> _Exercise requirements_: Pictures are to be left out, and only the lines below starting at the one with "Apartmán v Уютная" and ending at the one with "浴室の壁面にポール受けをマグネットで取付けてポールを渡してものほし空間に!" are to be reproduced, each exactly, both ends included.
══ Records shown ══
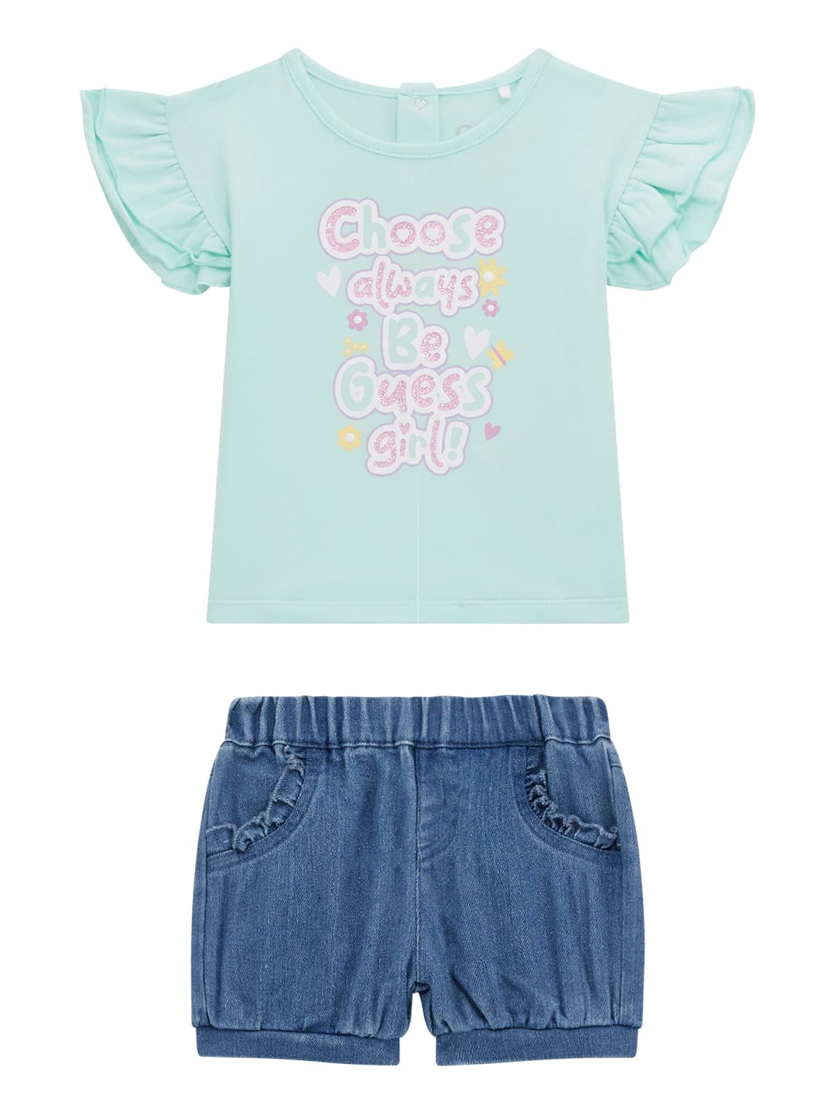 Completino pantaloncino jeans morbido con t shirt
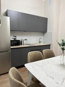 Apartmán v Уютная просторная квартира рядом с ЭКСПО nabízí 2 ložnice, TV s plochou obrazovkou, klimatizaci a obývací prostor.
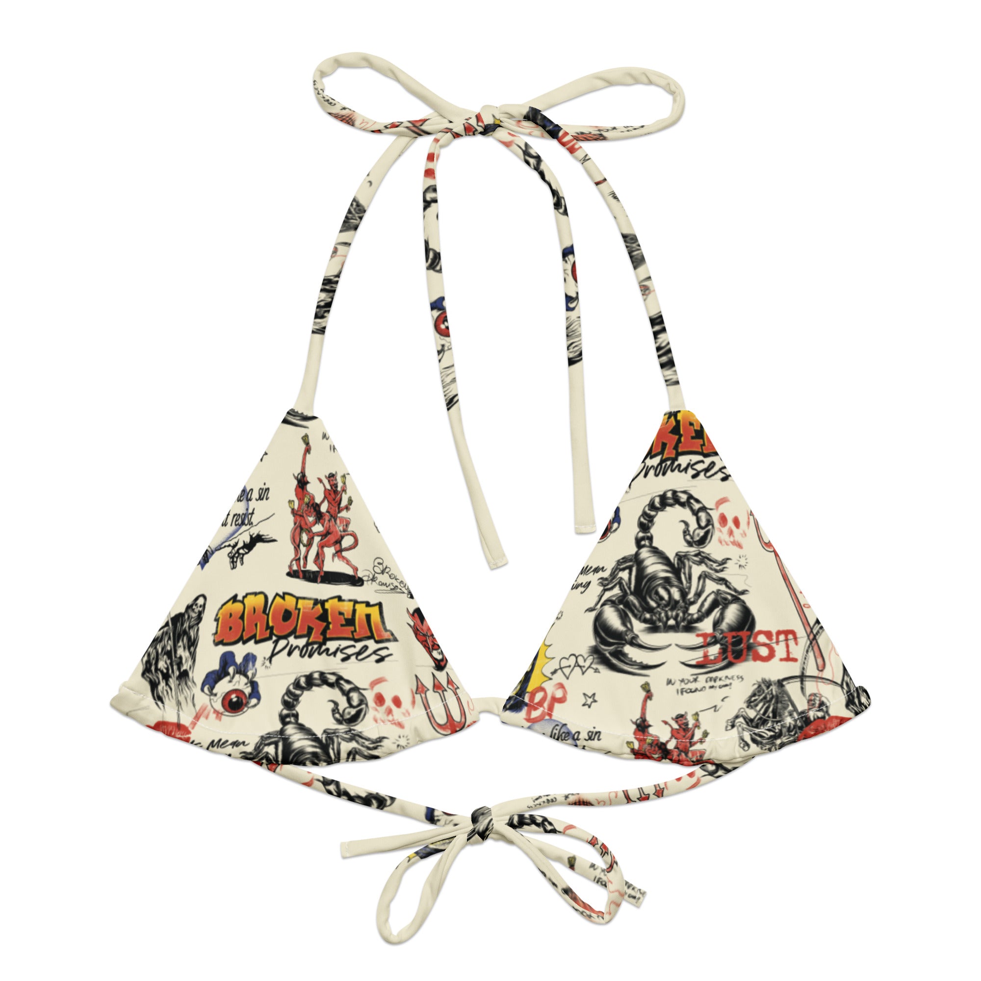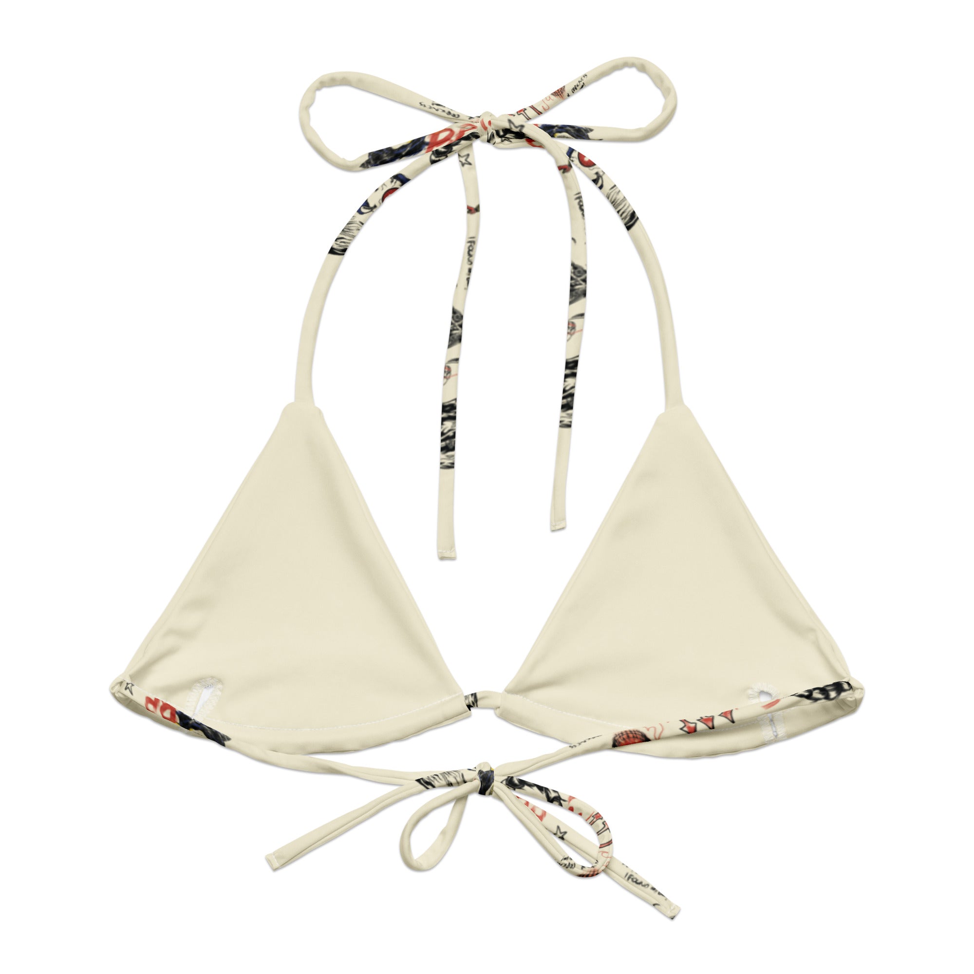 Disclaimer: To make your All-Over Print Recycled String Bikini Top last longer, thoroughly rinse it off after each use and get rid of any chlorine/salt residue.
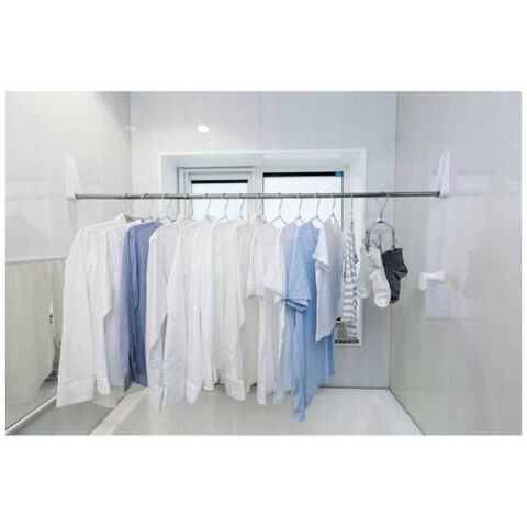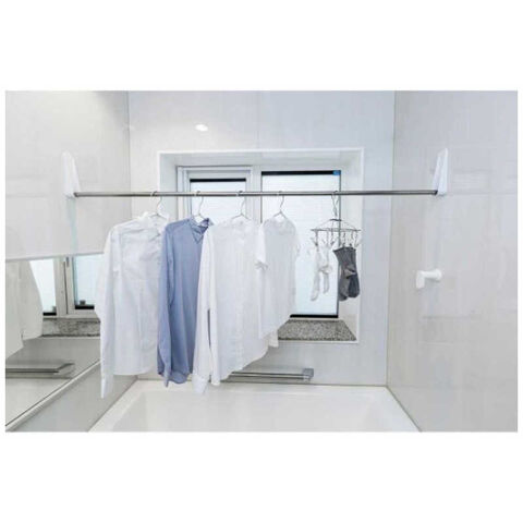 浴室の壁面にポール受けをマグネットで取付けてポールを渡してものほし空間に!
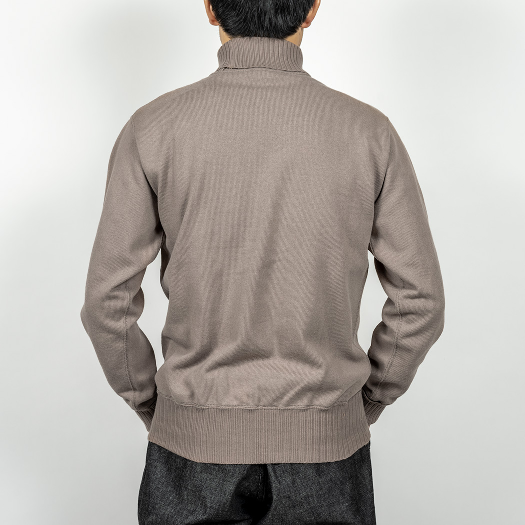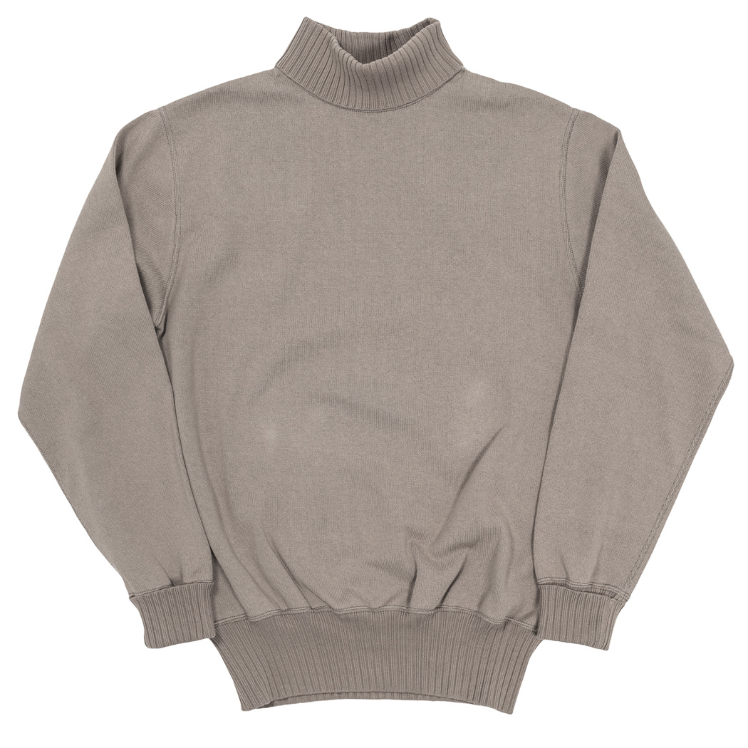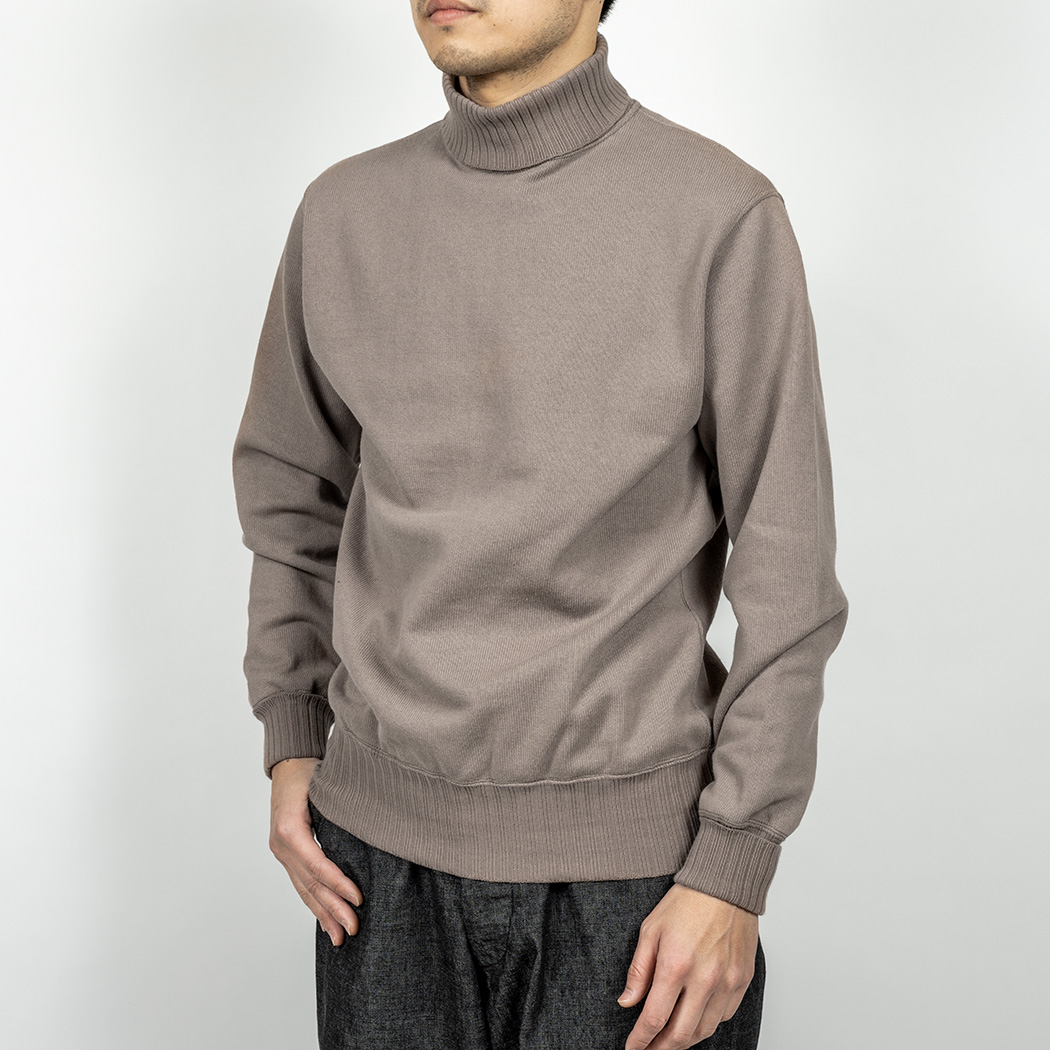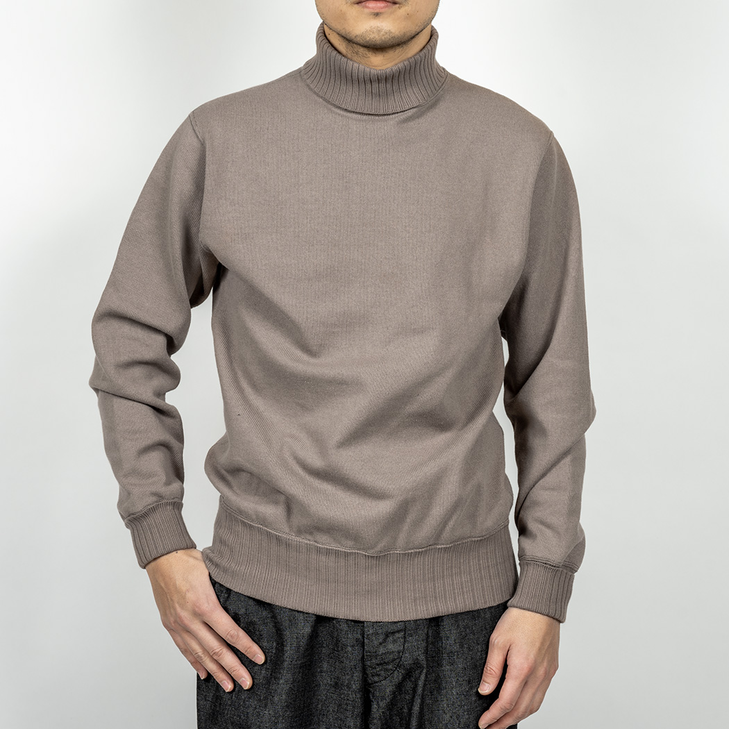 RAF Sweater、イメージは映画ダンケルグのRAF パイロットが着ていたハイネック。中はT シャツ一枚で着るとセーターの起毛面が肌に触れて気持ちいい。
═══
> _The completed task_:
 Apartmán v Уютная просторная квартира рядом с ЭКСПО nabízí 2 ložnice, TV s plochou obrazovkou, klimatizaci a obývací prostor.
 Disclaimer: To make your All-Over Print Recycled String Bikini Top last longer, thoroughly rinse it off after each use and get rid of any chlorine/salt residue.
 浴室の壁面にポール受けをマグネットで取付けてポールを渡してものほし空間に!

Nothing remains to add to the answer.